In what is likely to be the most confusing sentence I will ever write, parks today aren’t what they were then.  Parks started out as land for sort of general public use.  Boston Common, the oldest park in the United States, was originally a field where residents could graze their cattle.  And so it was with San Pedro Springs Park.  The original use was primarily for travelers, however.  The travelers would let their animals eat and drink and refill their water containers in this area.  It wouldn’t become a park as we recognize the term until 1864.

Prior to 1864, one tenant of the land that is now San Pedro Springs Park was the military.  Because of this history, the stone house in the park is generally thought of as an old fort or possibly a storage building for weapons.  No one is sure where the building, generally known as the “Block House” was built, but a 1909 photograph shows a building that was already apparently old, and the architectural style looks to be from the mid-1800s.

Among the uses that we are sure the military put the land to was the garrisoning of soldiers and stabling camels that the Army attempted to use in military campaigns.  The park was also a prisoner-of-war camp during the Civil War.

In 1864, a man named Jacob Duerler took over the park.  He got a license to use the park for 20 years in exchange for fixing the damage done by the soldiers (and the camels) during the years when the military used the park.  Duerler opened up a number of amusements including a fish pond and a bar.  Duerler died 10 years into the 20-year period, and eventually his son-in-law took over. His son-in-law mismanaged the property and so when he wanted to break the lease early, the city allowed it.  A new tenant, Frederick Kerbel, took over and made still more improvements to the park, including landscaping and the addition of a “grotto,” generally thought to be a summer home, which stands there today, and which looks kind of like a very large statue of Cousin Itt from The Addams Family.

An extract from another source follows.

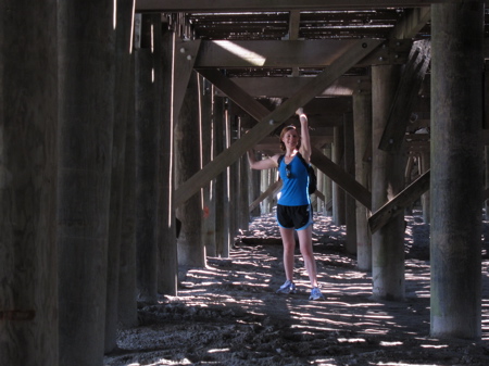 After being out in the sun for so long, Bryan and I beat the heat by escaping under an old pier, enjoying the shade and cool lighting.

When Kerbel’s lease expired, the city took over management of the park.  Some of the buildings built during the era when the park was let to tenants remained, including the grotto and a strange star-shaped structure that originally had a fountain in the center.

When I first moved to San Antonio, the park had not been renovated for a long time and it looked sort of post-apocalyptic.  They have done quite a lot of renovation, including upgrades to the swimming pool and the addition of a small skateboarding park.  The park has a lot more visitors these days than I saw in my first visits, which is lovely to see.

Since San Pedro Springs Park is a historic landmark, there are some places that are not handicap accessible.  For example, the photo at the top of the page was taken at the top of a flight of stairs.  The top of that sort of bluff thing is accessible by a sloped path, however.  The “shallow end” of the pool actually is a ramp that leads into the pool, making the pool itself handicap accessible (though I’m not sure about taking one’s wheelchair into the pool itself), from what I have read.